The Queen once snubbed Paul McCartney performance to watch ‘Twin Peaks’

·2-min read
Split of Queen Elizabeth II and David Lynch
The Queen was an unlikely fan of David Lynch's cult hit. (Photo: Joel Rouse/Gabriel Marchi/Wikimedia Commons)

The late Queen Elizabeth II once snubbed a private Paul McCartney performance in favour of watching Twin Peaks.

Fans of the cult classic TV show are revisiting the story, as told by composer Angelo Badalamenti, of the monarch’s predilection for Peaks, an anecdote that provides a rare insight into her cultural tastes.

Badalamenti, the long-time collaborator of Peaks mastermind David Lynch who was behind the series’ iconic opening theme, first shared the unlikely revelation with NME back in 2011.

“Back when Twin Peaks was kicking off around the world, I flew by Concorde to London to work with Paul McCartney at Abbey Road,” related Badalementi. “He said, ‘Let me tell you a story’. Not long before we met, he’d been asked to perform for the Queen for her birthday celebrations.”

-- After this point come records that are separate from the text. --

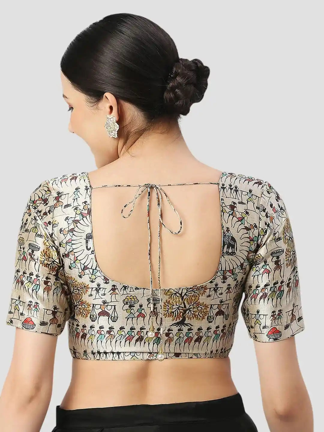 Embrace the timeless allure of this Bhagalpuri silk saree blouse in creamy hues adorned with intricate Warli prints. Featuring a classic round neckline and graceful half sleeves, this blouse exudes sophistication and charm. Elevate your ethnic ensemble with this exquisite piece, perfect for adding a touch of tradition to any occasion.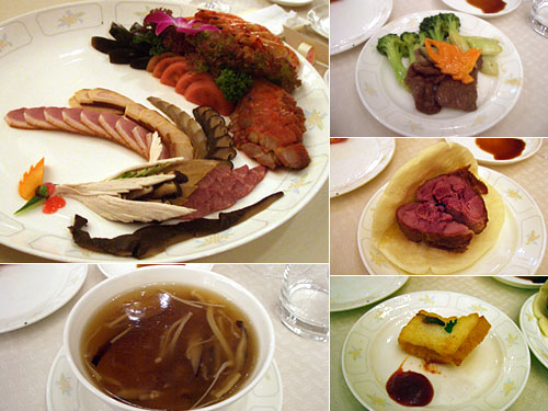 弟の結婚式披露宴のお料理は中華だった。うわーい!豪華、豪華。まずは鳳凰の飾り付けをした前菜。装飾もさることながらハム類おいしいねぇ。続いて干し貝柱とフカヒレのスープ、ブロッコリーと牛肉の炒め、合鴨の燻製ホイカツ添え。ホイカツってナンみたいなの。合鴨は全く臭みがなく柔らかいのに驚き。そして白身魚のトースト貼り揚げ。これもおいしかった。ちょっと考えても作るのはかなり面倒そうだ。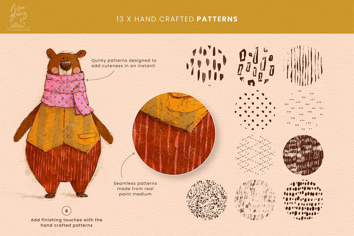 The collection is designed specifically for creating adorable whimsical artwork, perfect for character design, children’s book illustrations and gorgeous surface design works of art.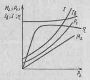 Рабочие характеристики синхронного двигателя могут быть получены или при I B=const, или при cos φ = const. На рис..8 показаны рабочие характеристики М, I B, Р 1, I, η=f(P2) при условии U=const и cos φ =cos φHOM=const.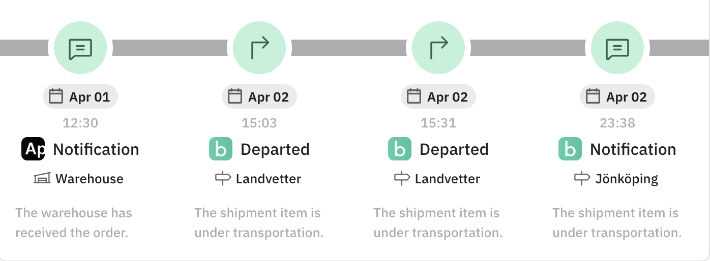 You can easily enhance the tracking experience by adding your own events. This can be particularly useful in scenarios where the shipment is not being actively handled by the transporter, or to show events from another system. Some good examples are: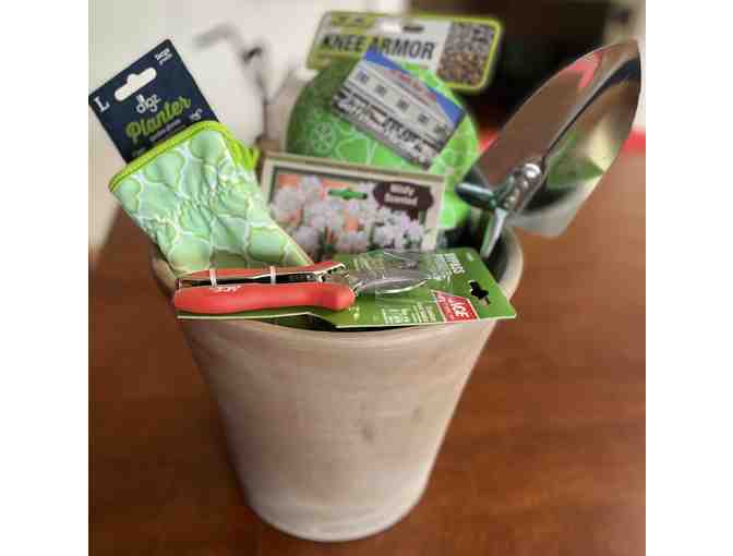 This package, donated by Ace Hardware Goffstown NH, includes knee pads, shovel, gloves, bypass pruner, trowel, bulbs, and a $25.00 gift card all in a nice pot.

“And when he met her, he started to say, ‘I’m honoured to be here tonight, your Majesty, and I’m going to play some music for you’. And the Queen says, ‘I’m sorry, I can’t stay, it’s five to eight, and I have to go and watch Twin Peaks!’”

Footage of Badalementi reminiscing about the conversation was included as a DVD bonus feature, and can be seen above. The story has never been publicly verified by McCartney or the Royal Family, but Badalementi is revered as a raconteur by Peaks purists, with this clip in which he describes the process of writing ‘Laura Palmer’s Theme’ with Lynch racking up more than half a million views on YouTube.

The Queen died on Thursday afternoon (September 8) at her Balmoral estate in Aberdeenshire, just two days after accepting Boris Johnson’s resignation there and subsequently inviting new prime minister Liz Truss to form a government. The UK is currently observing a ten-day period of national mourning, which will culminate on September 19 in the country’s first state funeral since the death of Winston Churchill.

Cultural figures from across the world, including Sir Elton John, have been paying tribute to Britain’s longest-reigning monarch, whilst events including the Mercury Prize ceremony and the Last Night of the Proms were cancelled as a mark of respect.